In a previous post I wrote about what you can expect if you attend one of my soap making courses. It’s always a fun day making new friends and we usually have a bit of “bake off” style banter too!
I also shared a few frequently asked questions and since then I have compiled a list of the questions that are asked the most frequently on my cold process soap making course.
Can I substitute other ingredients for the ones in your recipes?
You should never substitute the ingredients in any soap recipe as each ingredient has a different SAP value (the number you need to calculate the amount of lye required for a particuar ingredient). If you did substitute one or more of the ingredients you probably wouldn’t end up with soap as it may not even reach the trace stage (when the soap mixture starts to thicken) or if it did reach trace it could end up being too caustic to use.
Can I use a measuring jug to weigh the water?
I always recommend that you weigh the water using scales as it’s the most accurate method.
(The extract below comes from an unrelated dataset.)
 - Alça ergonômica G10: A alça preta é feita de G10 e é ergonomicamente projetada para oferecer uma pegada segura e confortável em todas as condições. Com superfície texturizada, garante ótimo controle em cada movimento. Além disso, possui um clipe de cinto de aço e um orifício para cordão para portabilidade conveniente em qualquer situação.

If you use a measuring jug it will involve a bit of guesswork and this is never a good idea in soap making.
What are good ingredients to include in soap for sensitive skin?
One of the most gentle and soothing soap bars you can make is with 100% olive oil (also known as castile soap). There is not much of a lather but you will experience super gentle cleansing.
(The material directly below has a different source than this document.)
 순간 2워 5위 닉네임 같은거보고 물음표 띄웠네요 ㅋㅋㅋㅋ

Goat’s milk is also a good option for sensitive skin. The cream in goat’s milk soothes dry and damaged skin and also possesses an anti-inflammatory action.
How do you decide what base oils to use when you start to create your own recipes?
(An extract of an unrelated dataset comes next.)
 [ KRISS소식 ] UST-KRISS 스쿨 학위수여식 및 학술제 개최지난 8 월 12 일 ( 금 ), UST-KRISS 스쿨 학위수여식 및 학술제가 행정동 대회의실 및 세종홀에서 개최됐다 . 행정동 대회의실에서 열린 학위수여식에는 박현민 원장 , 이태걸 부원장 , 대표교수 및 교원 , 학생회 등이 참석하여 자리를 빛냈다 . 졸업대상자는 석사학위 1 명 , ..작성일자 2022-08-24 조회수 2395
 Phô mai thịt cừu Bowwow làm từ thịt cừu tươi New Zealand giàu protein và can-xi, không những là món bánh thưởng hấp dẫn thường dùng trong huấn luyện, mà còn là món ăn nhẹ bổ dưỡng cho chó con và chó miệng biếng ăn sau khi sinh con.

The most exciting part of soap making is researching the different oils and their properties and deciding exactly what you would like in a bar of soap. A basic rule of thumb to start with is 60% hard oils and 40% soft oils. It’s all about experimenting and coming up with a recipe that you and your skin will love!
Do I really have to wait four weeks to use my soap?
Four weeks is the minimum amount of time that cold process soap needs to cure in order to complete the saponification process fully. At the end of this period the alkalinity of the lye will have been cancelled out by the acidity of the oils and your soap is ready to use.
If you can’t wait that long and you have used a mould that is oven proof, then you have the option of following the Cold Process Oven Process or CPOP method. Place your soap in the oven at around 170°F for two hours and then switch it off and leave to cool in the oven (with door closed) for several hours or overnight.